BRIEF DESCRIPTION OF THE DRAWINGS
[0013] FIG. 1 shows an example of system configuration according to
the present invention.
[0014] FIG. 2 is a flow chart showing the outline of the entirety
of the processing according to the present invention.
[0015] FIG. 3 illustrates a method for clustering a plurality of
cDNA sequences.
[0016] FIG. 4 shows procedures for creating a consensus sequence
within a cluster.
[0017] FIG. 5 shows procedures for mapping a consensus sequence and
extracting a partial sequence for mapping.
[0018] FIG. 6 illustrates a method for mapping a plurality of cDNA
sequences within clusters.
[0019] FIG. 7 shows an example of user interface and screen
flow.
[0020] FIG. 8 shows an example of a viewer for displaying mapping
results.
[0021] FIG. 9 illustrates the relationship between cDNA sequences
and a genome sequence and mapping of the sequences onto the genome
sequence.
[0022] FIG. 10 shows a conventional mapping method.
DETAILED DESCRIPTION OF THE PREFERRED EMBODIMENTS
[0023] An embodiment for implementing the present invention will be
described specifically by referring to drawings.
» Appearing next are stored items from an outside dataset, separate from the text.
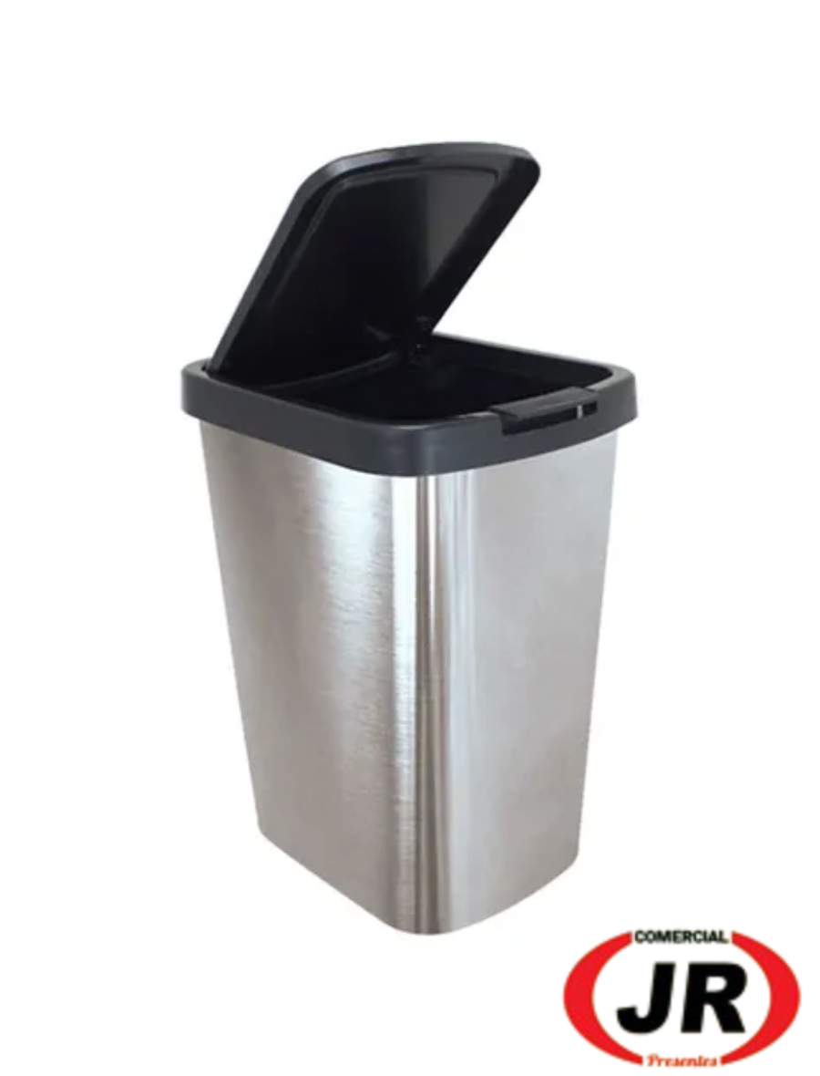 0198 - Lixeira Cesto De Lixo 9 Litros Inox Com Tampa Click Label
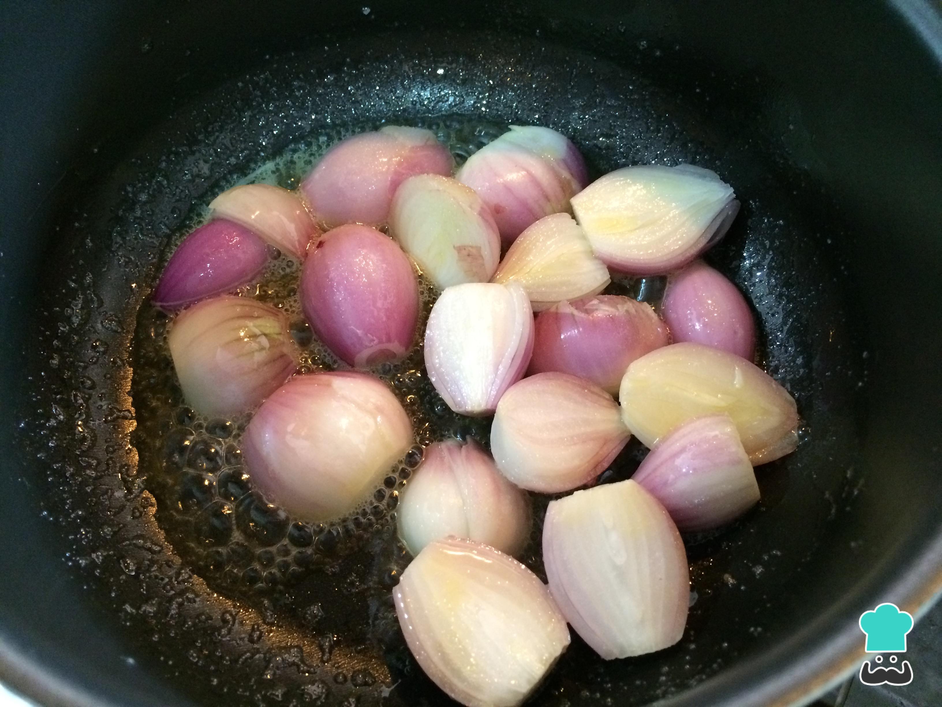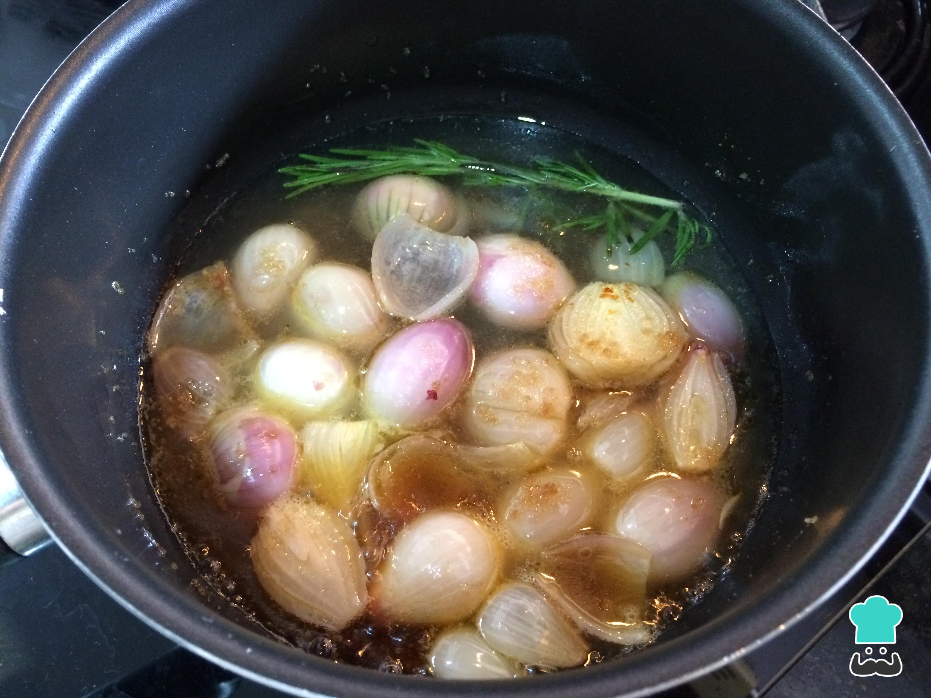 Acrescente um pouco de água e o ramo de alecrim, e deixe cozinhar as chalotas em fogo baixo, até que o líquido reduza.
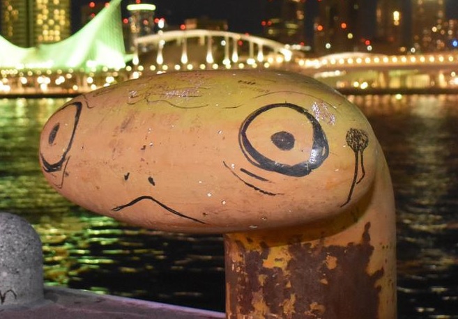 【神戸】港湾の岸壁に地球外生命体の落書き
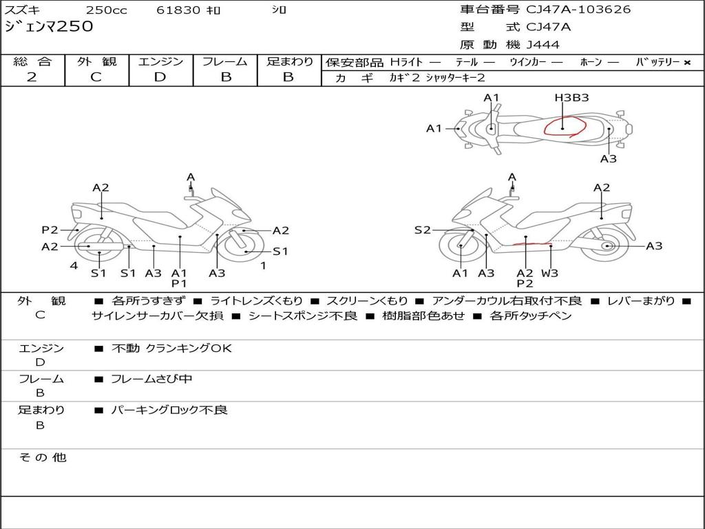 | Номер рамы / VIN | CJ47A-103626 |
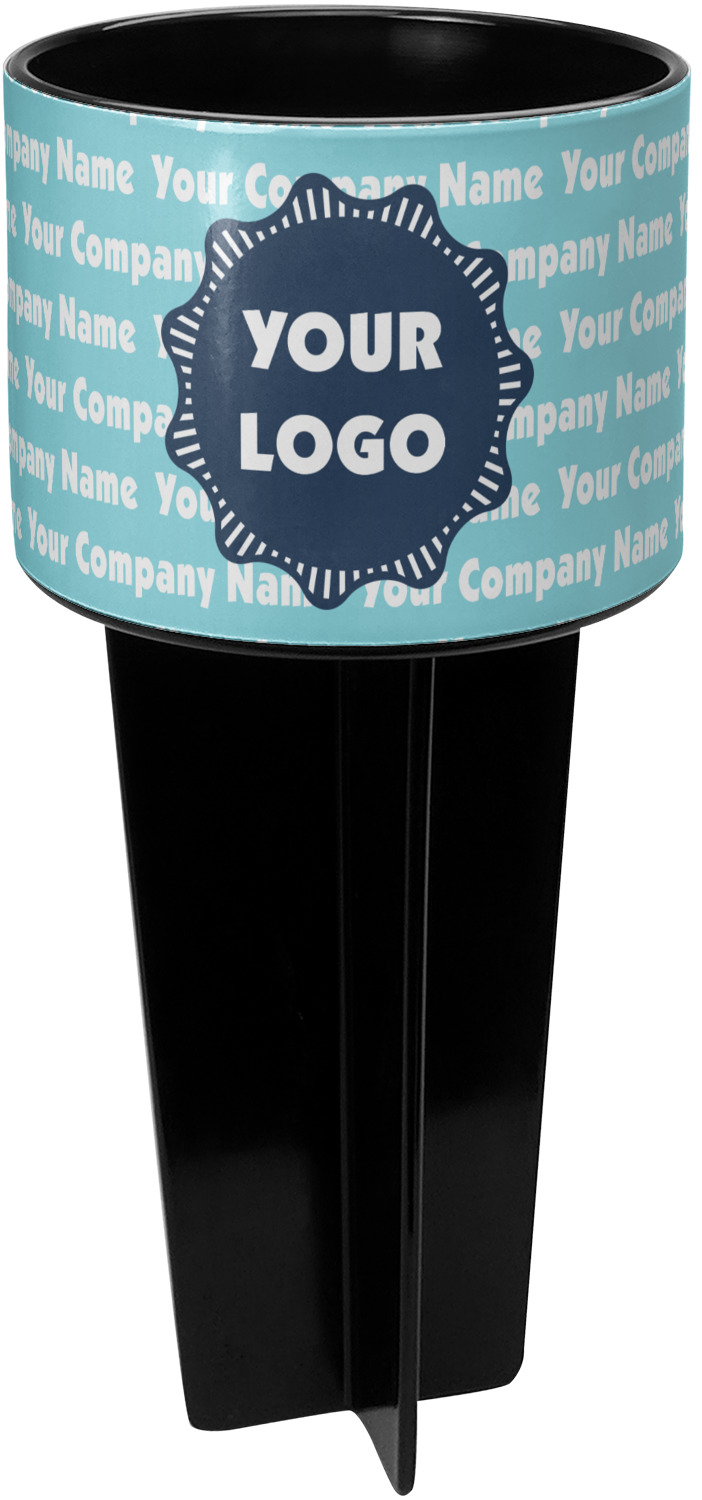 This cup holder has a large stake at its bottom that anchors it to the sand or ground below, while the cup holder rests above the stake. The entire drink holder is made of durable plastic and displays your customization around the cup holder portion. We sell these personalized beach spikers in two different colors: black and white.
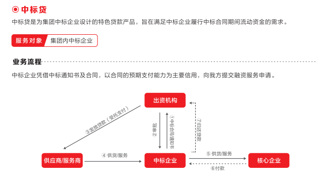 “中標貸”產品是富源小貸為集團內項目中標企業專門開發設計的特色貸款產品,旨在滿足中標企業在履行中標合同期間的流動資金需求,精準實現審批高效、放款迅速、場景化服務定制,為中標企業提供了高效的融資渠道。
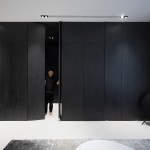 The architects employed the material in the interior with restraint. The use of black wooden plank as the “wall” split the first floor into two compartments on the axis from north to south. The black wooden planks were transfigured into cabinets and doors, and the lead spread on the first floor vestibule. By opening invisible doors along the black wooden plank wall, the different functional rooms were presented. The palette of black and white gives the home a tranquil tone.
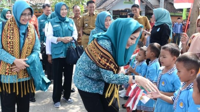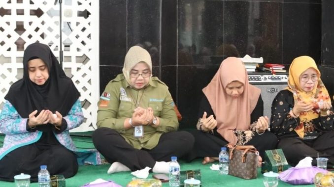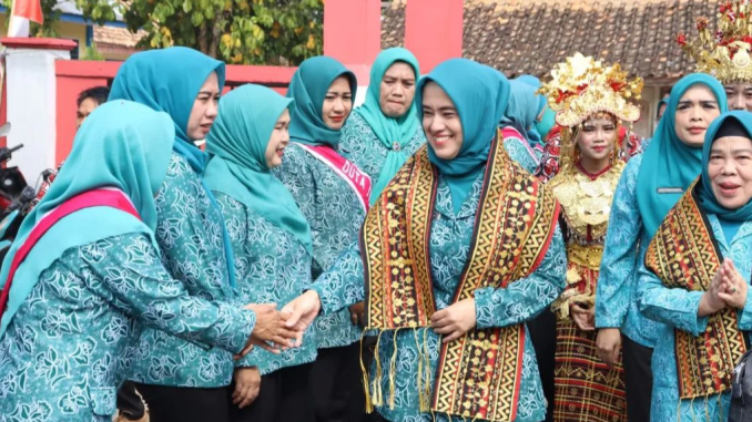 Ketua TP PKK OKU Selatan Isyana Lonitasari Popo Hadiri pengajian Akbar, Santunan Anak Yatim dan Pengukuhan Pengurus MUI desa Se-Kecamatan Simpang di Desa Bungin Campang.
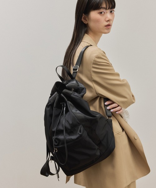 洗練されたミニマルなディティールがデイリーに活躍。艶のある風合いが軽やかに決まる、通勤通学にぴったりな大容量のドロストリュック◇26SS◇ADAM ET ROPE' FEMME【Material】軽量で微光沢のある撥水素材を使用。【Design】アウトポケット付きのシンプルなデザインが魅力のリュックサック。PCやA4サイズがしっかり収まる容量に、内外ポケットを備え、整理しやすく機能性も◎撥水素材と止水ファスナーを採用し、雨の日でも安心して使用が可能無駄を削ぎ落としたミニマルな佇まいで、きれいめからカジュアルまで幅広いスタイリングに自然と馴染むデザイン。通勤・通学はもちろん、休日のお出かけや旅行など、さまざまなシーンで活躍する万能アイテム。【Color】スタイリングを選ばず使える、ベーシックなブラックの1色展開----------------------------ポケット:あり(外1個、内2個)収納:A4→可、長財布→可 付属ショルダー:長さ調節可-----------------------------※撮影時の光、お使いのモニター環境によって色の見え方が違う場合がございます。
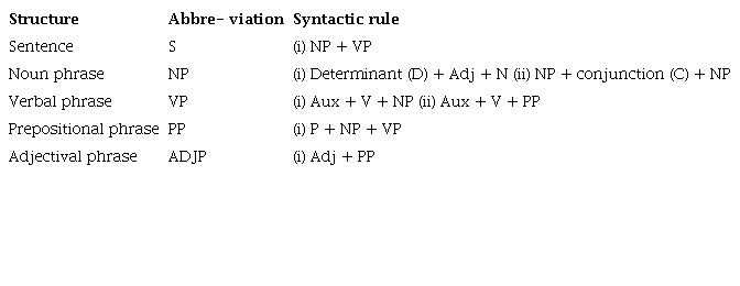 Chomsky [14] defines syntactic structures as trees for generalizing language sentences. Some rules are used for syntactically structuring natural language and they are based on grammatical categories. Some of the grammatical categories are nouns (N), verbs (V), prepositions (P), adjectives (Adj), and adverbs (Adv).
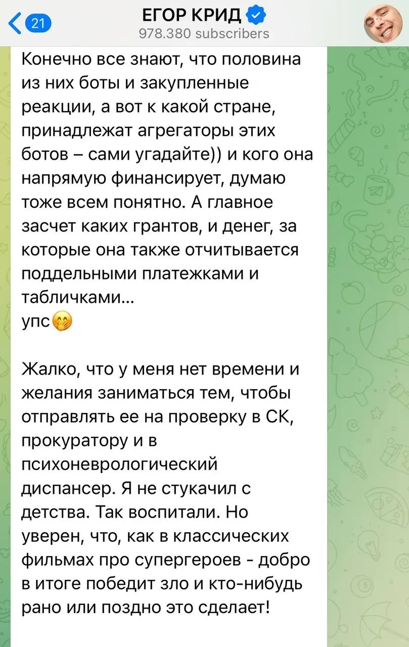 Скриншот из телеграм-канала Егора КридаПо словам певца, именно благодаря его имени Мизулина приобрела основную массу своих подписчиков в соцсетях. "Долго не думая (думать — это не про неё), оценив огромную конверсию хэштэга ЕгорКрид и усевшись за иностранный софт, она начала ТВАРЬить", — написал он (здесь и далее пунктуация и орфография автора сохранены. — Прим. ред.). При этом, заявил Крид, половина аудитории Елены в соцсетях на самом деле — боты, которых она закупает у агрегаторов из недружественных стран за счёт грантовых средств, за которые отчитывается с нарушениями. "К какой стране принадлежат агрегаторы этих ботов — сами угадайте. И кого она напрямую финансирует, думаю, тоже всем понятно. А главное — за счёт каких грантов и денег, за которые она также отчитывается поддельными платёжками и табличками…", — заявил Егор.
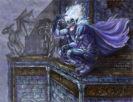 More importantly, it seems a bit overdone, but I'm a sucker for detail, the roman numerals floating around enhancing the otherwordly feel created by the bright colours and swirls, the designs etched into his scepter and clothes succeeding in making him extremely eerie and, well, ghost-like. I must say that I'm also particularly impressed by your take on his ghostly tail, truly looking like the gas it probably is.
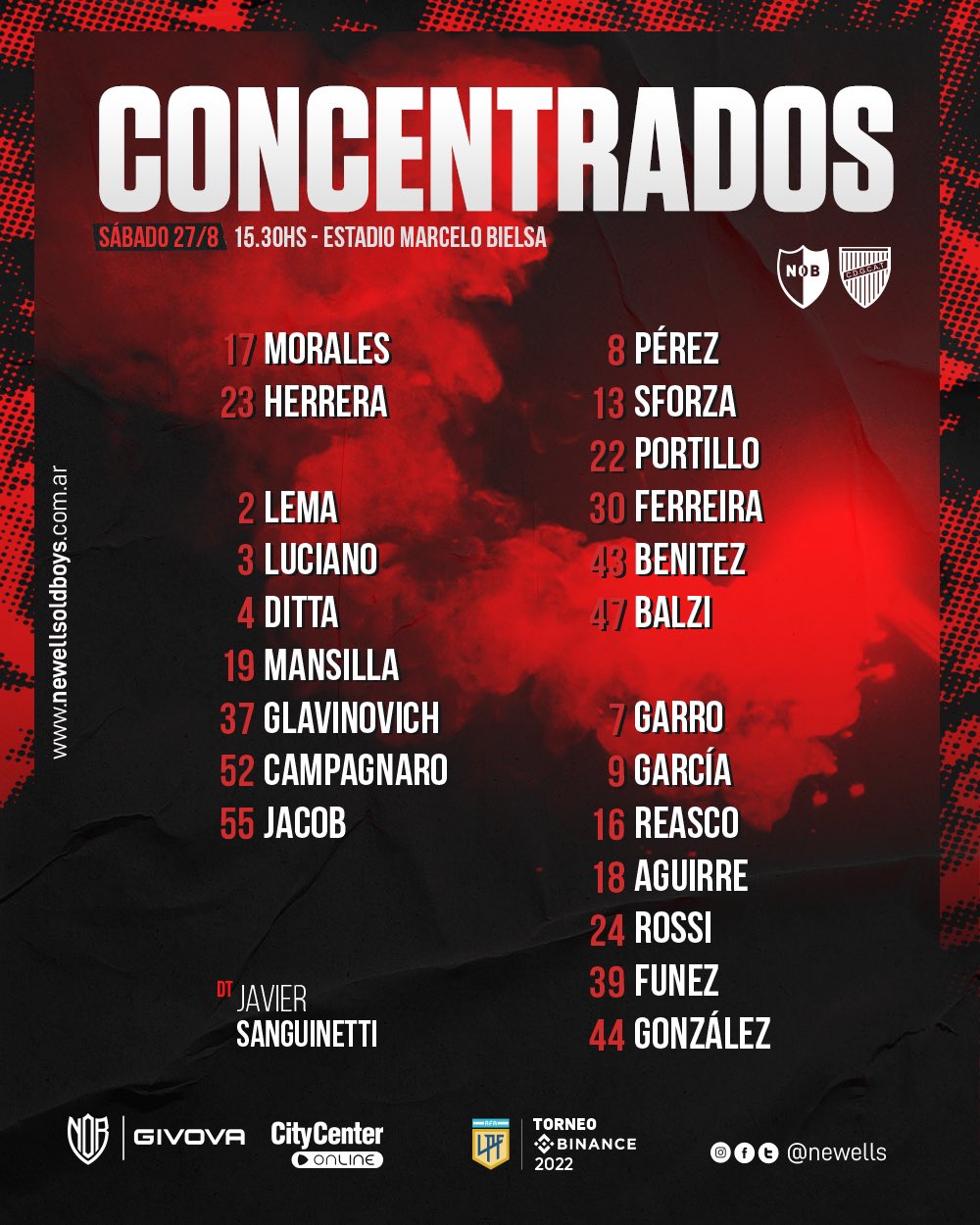 JAVIER SANGUINETTI : 32 partidos dirigiendo a la lepra. Suma 14 victorias , 7 empates y 11 derrotas. En AFA 43 puntos sobre 90 (47.77 % de efectividad). En la tabla comparativa de técnicos históricos en sus primeros 32 partidos dirigiendo a Newell (28 DT en total), Archu se ubica en el 11 º lugar. Entre la pécima performance de su equipo y los insultos de la barra brava en el playón, Archu decidió luego del partido dar un paso al costado y renunció al cargo de DT rojinegro.
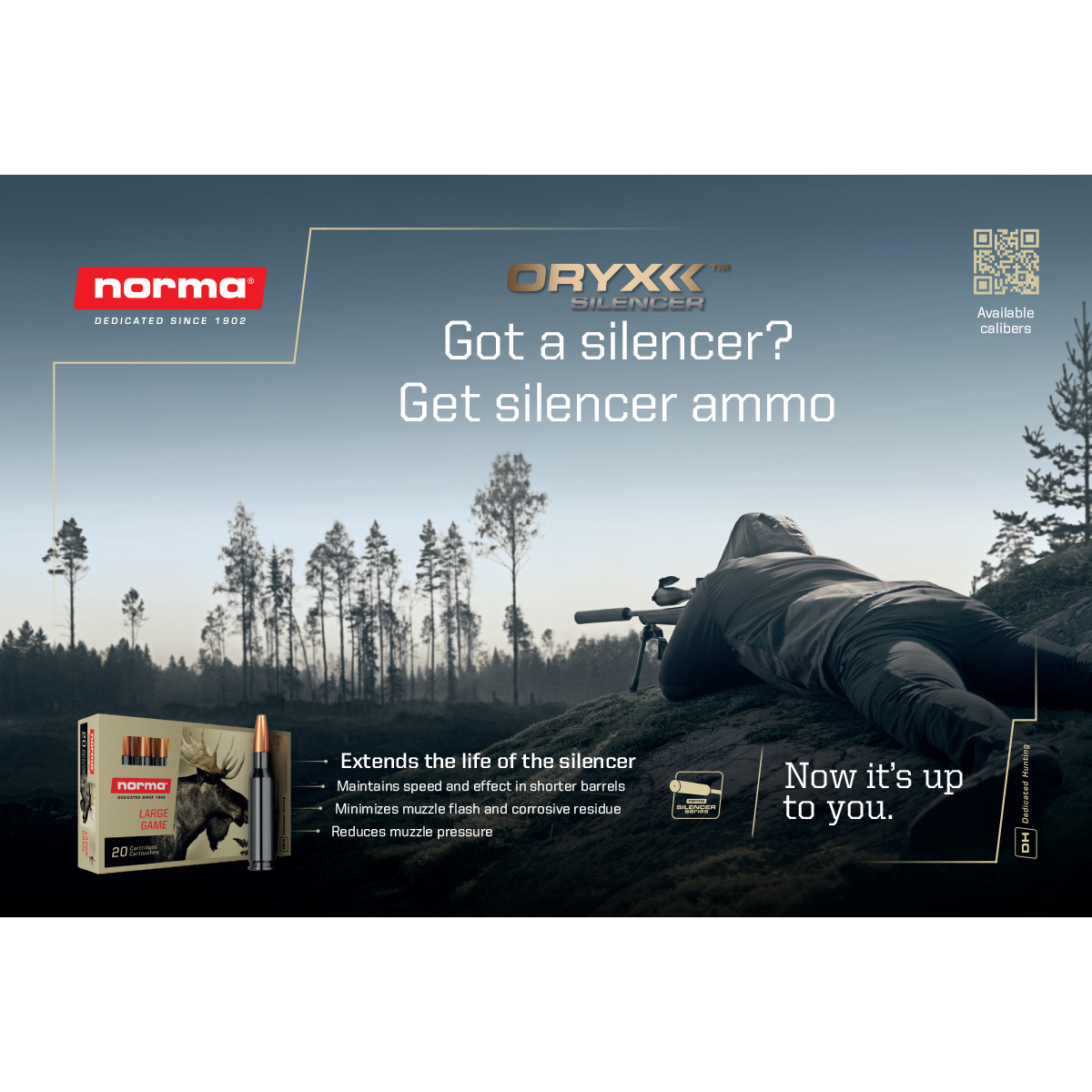 Norma Oryx Silencer în calibrul 6.5x55 SE (156 grains / 10.1 grame) este varianta optimizată a legendarului proiectil Oryx, creată special pentru vânătorii care utilizează arme cu țevi scurte și dispozitive de reducere a zgomotului (silencer/moderator). Această muniție rezolvă problema pierderii de viteză și energie care apare de regulă atunci când munitia standard este trasă din țevi de dimensiuni reduse.
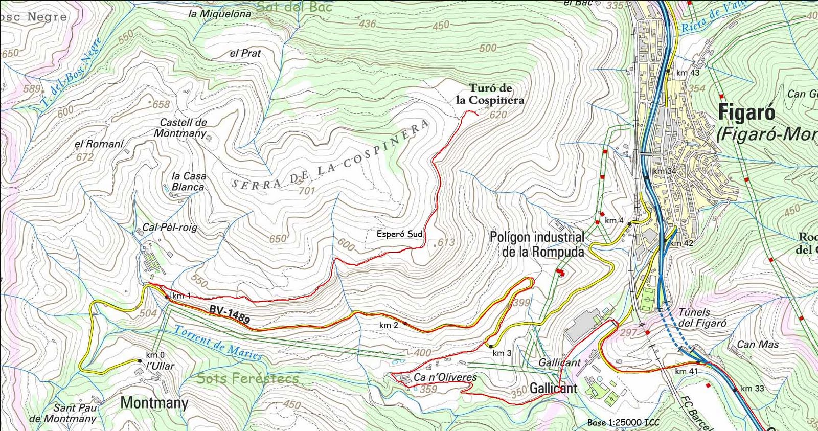 No continuem per aquí sinó que caminen en direcció sud i anem pujant entre boscos d’alzines fins arribar al pla que coincideix amb la pista apta per a vehicles. Poc després ja veiem la creu amb la inscripció El Figaró, la Creu i la Senyera sempre junts amb la Cuspinera. AVF. 11 de setembre de 1995. Som a 620 m. No fa un dia assolellat, però veiem bé el poble del Figaró i el Congost. Intuïm la Garriga i la plana vallesana. De la banda del Montseny, veiem l’ermita de S. Cristòfol de Monteugues i més amunt, el Tagamanent. Cap al sud queda la petita vall dels Sots Feréstecs, que per força ens porta a recordar la novel·la de Raimon Caselles, amb l’angoixa i soledats que t’impregnen en llegir-la.
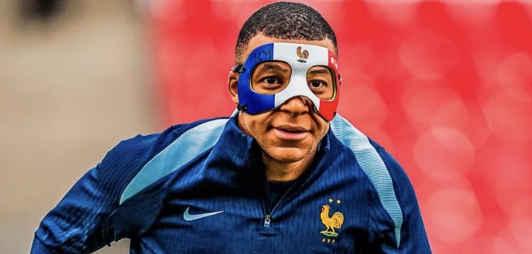 Le 20 juin 2024, lors de l’entraînement collectif, Mbappé est apparu avec un masque aux couleurs tricolores, suscitant l’enthousiasme des fans français. Ils pensaient avoir découvert le masque avec lequel il évoluerait pendant le reste du tournoi. Cependant, cette première version n’a pas reçu l’aval des autorités compétentes.

[0024] FIG. 1 shows an example of system configuration according to
the present invention. A user operates a keyboard unit 302 while
viewing a display unit 301 to order computer 303 to perform
processing. The computer 303 has a main program 307. The main
program 307 calls up a clustering program 304, a
consensus-sequence-creating program 305, and a mapping program 306
to perform processing. Furthermore, the main program 307 stores
results obtained by processing in a database 308 or obtains data
from the database 308. In the database, genome sequence data, cDNA
sequence data, and cluster data are stored.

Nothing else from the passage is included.